Christine Maree McMiken Speir (born 19 June 1963) is a New Zealand former track and field athlete. She competed at the 1988 Summer Olympics in the Women's 10000 metres event. McMiken became the first Oklahoma State individual national champion in 1985, when she won the 3000 meters at the NCAA Division I Indoor Track and Field Championships title.

==Personal life==
McMiken was born on 19 June 1963 in New Zealand. She was a multi-sport athlete while attending Diocesan School for Girls, competing in volleyball, netball, cross-country, and floor hockey. While in high school, she represented New Zealand in cross-country tournaments against Australia. Her running coach, Arthur Lydiard, encouraged her to apply to post-secondary schools in the United States and wrote to track and field coach Dick Weis at the University of Missouri. However, McMiken was not accepted to the school after failing to meet all the entrance criteria required of foreign students. After becoming the head coach of the Oklahoma State Cowgirls track and field team, Weis recruited McMiken to the school.

==Career==
As a freshman at Oklahoma State University (OSU), McMiken set five school running records and placed sixth in the Big Eight indoor three-mile run. Since she joined OSU mid-year, she was still considered a sophomore in the 1984 cross country season. As a sophomore, she won the Big Eight indoor three-mile with a time of 15:41.5 and captured indoor All-America honors. She also set a school record at the Arkansas Invitational with a time of 16:20. At the 1984 NCAA Division I cross country championships, McMiken finished third in the 5,000 meters race with a time of 16:30. As such, she became the first Oklahoma State woman to earn All-America honors in cross country.

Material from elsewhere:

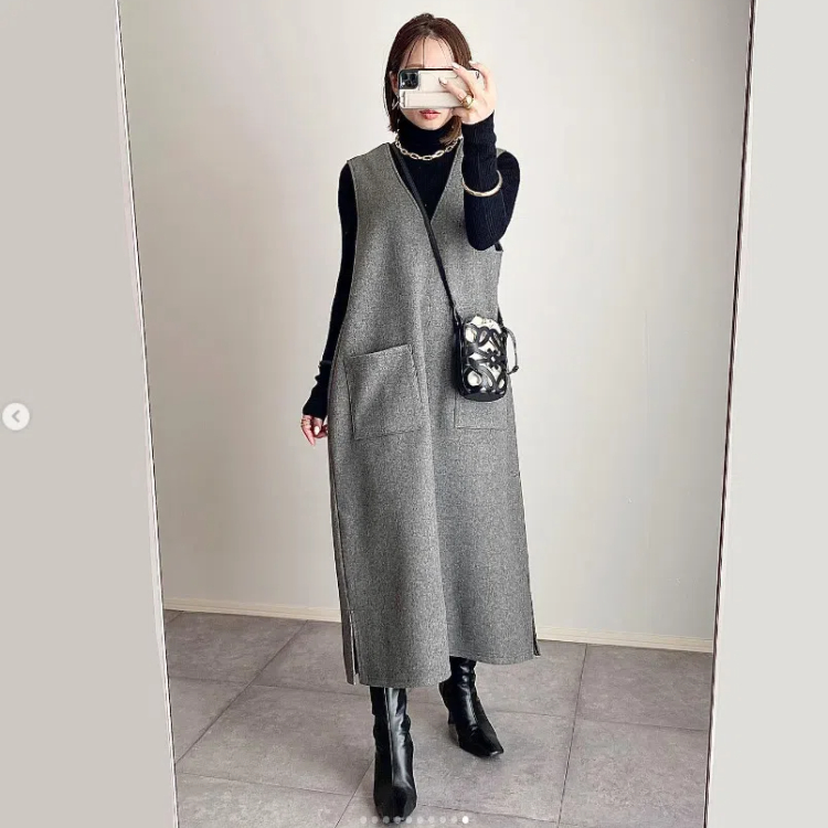 ロング ノースリーブ ワンピース レデ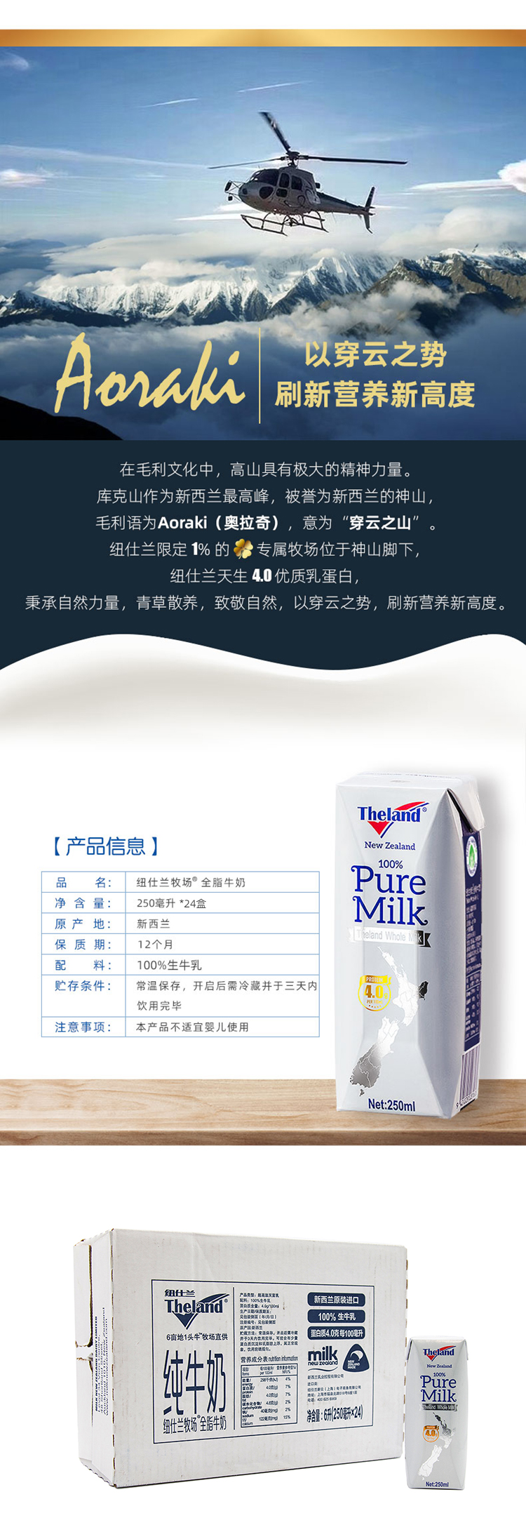 纽仕兰4.0g新西兰进口全脂纯牛奶250ml*24盒/箱

McMiken set numerous records in her junior year, including setting a meet and school record at the 3000 meters at the NCAA Division I Indoor Track and Field Championships. During the 1985 indoor season, McMiken set a world record of 14:53.80 at the Big 8 three-mile championships. After completing the Big Eight outdoor track season in June, McMiken took a short break from competing. She returned for the Rainbow Couples Classic road race and finished with the second-fastest time in any eight-kilometre race in the United States during the 1985 season.

McMiken was inducted into the OSU Athletic Hall of Honor in 2006.

==Personal life==
McMiken married fellow New Zealander Jon Speir in 1991.